Asle is a widowed and aging painter who lives alone on the edge of a fjord far from Bergen, in Norway, in a seaside swept by snow or ice that he travels by car. We find him a little before Christmas, just before the annual exhibition that a gallery owner has dedicated to him at this time of year for forty years.
He is the obsessive hero of a prodigious 1100 page ongoing trilogy entitled Septologyby the Norwegian writer Jon Fosse, 64 years old, Nobel Prize for Literature 2023. The first volume was entitled The other name. Septology I-II (Christian Bourgois, 2021, now available in paperback). The last one, which is called A new name , will be published in 2025. And here is I am anothervolumes III to V of Septology.
The whole thing is a long reflection in a single sentence which takes us into the depths of the soul of a solitary man marked by life, which makes us think of this sentence from Saint-Denys Garneau: “I am a painter who walks what he is among what there is. »
In Asle, the past and the present merge, like darkness and light.
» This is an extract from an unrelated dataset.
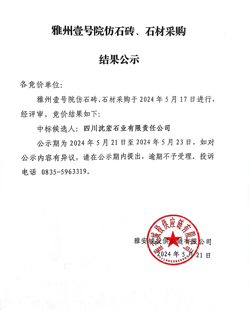 雅州壹號(hào)院仿石磚、石材采購(gòu)結(jié)果公示
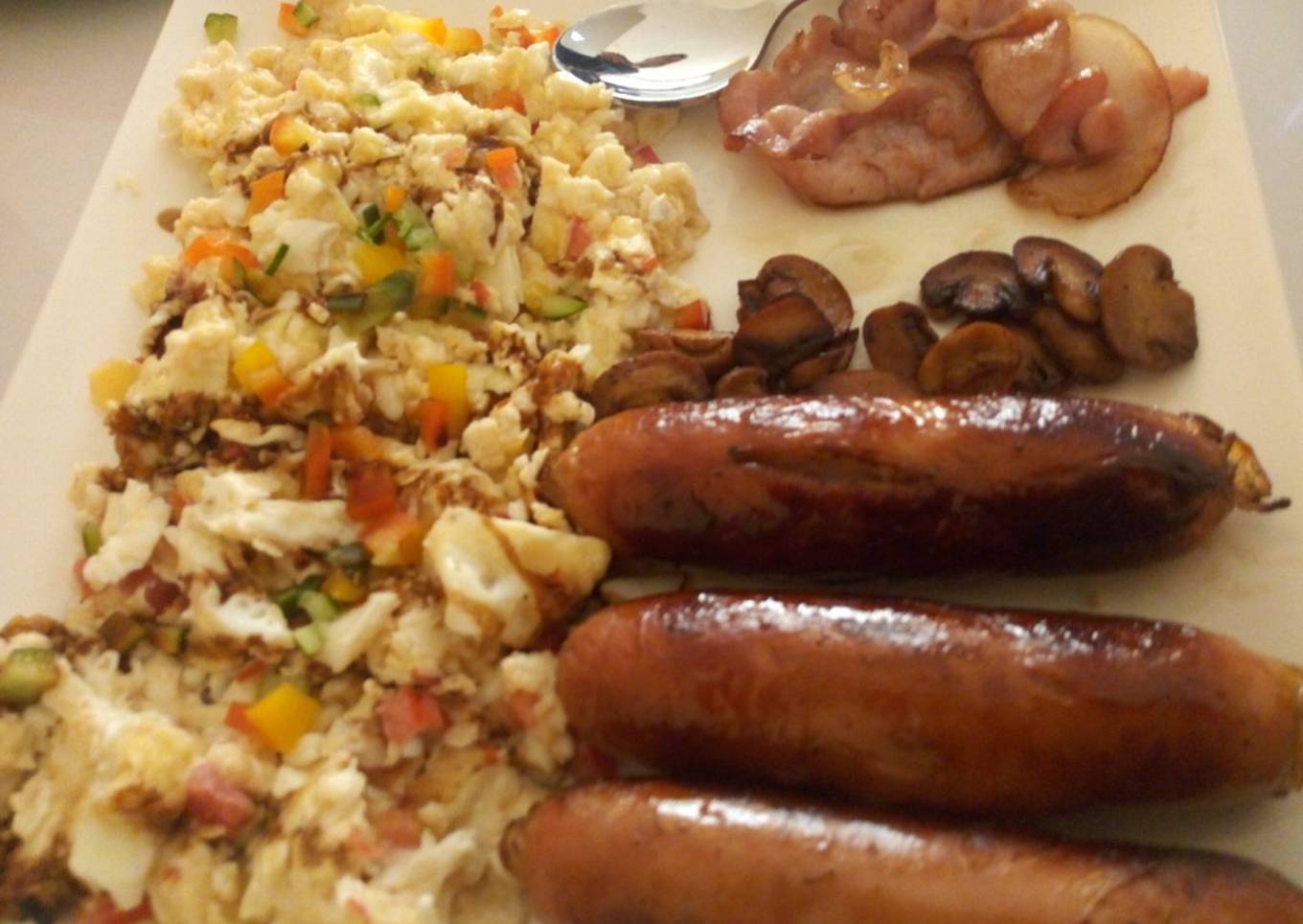 - Cook in a non stick the eggs and add mushrooms and tomatoes and onions

Appearing before his eyes at any moment, like the ebb and flow of the tide, his mother, his father, his deceased wife, friends who have disappeared. A way of telling a story, a way which at first glance can confuse and destabilize the reader, but which quickly ends up winning the day.
Playwright, poet, novelist, Jon Fosse, who has been translated into around fifty languages, is best known for his theatrical work. Like his hero and his double, who seeks to abandon painting, to “de-paint”, the writer for his part “decided to completely stop writing plays”, he says in his Nobel acceptance speech (And a silent language. Speech at the Swedish AcademyChristian Bourgois, 2024, 36 pages).
Long an atheist, Jon Fosse himself had what he calls “an encounter with God” and he converted to Catholicism in 2013. The mysteries of faith – without there ever being any question of nonsense –, silence, light, the issues of creation and transcendence nourish “I is another”.
“I just wanted to paint to say what could not be said otherwise, yes, to make an absent presence appear in the painting, that’s what I think, to make the black shine in the painting, or to make the luminous darkness appear in the painting , I think, and how many times have I had these thoughts, I think, because I always have the same thoughts, over and over and I always paint the same picture, over and over. »
“One thing is certain in any case,” said Jon Fosse in his Nobel acceptance speech, “I never wrote to express myself, as they say, but rather to distance myself from myself. »
A sort of metaphysical thriller with hypnotic writing – like Lobo Antunes or Saramago -, I am another is an immersive and exciting reading experience. As long as we really ask ourselves and agree to give in to it.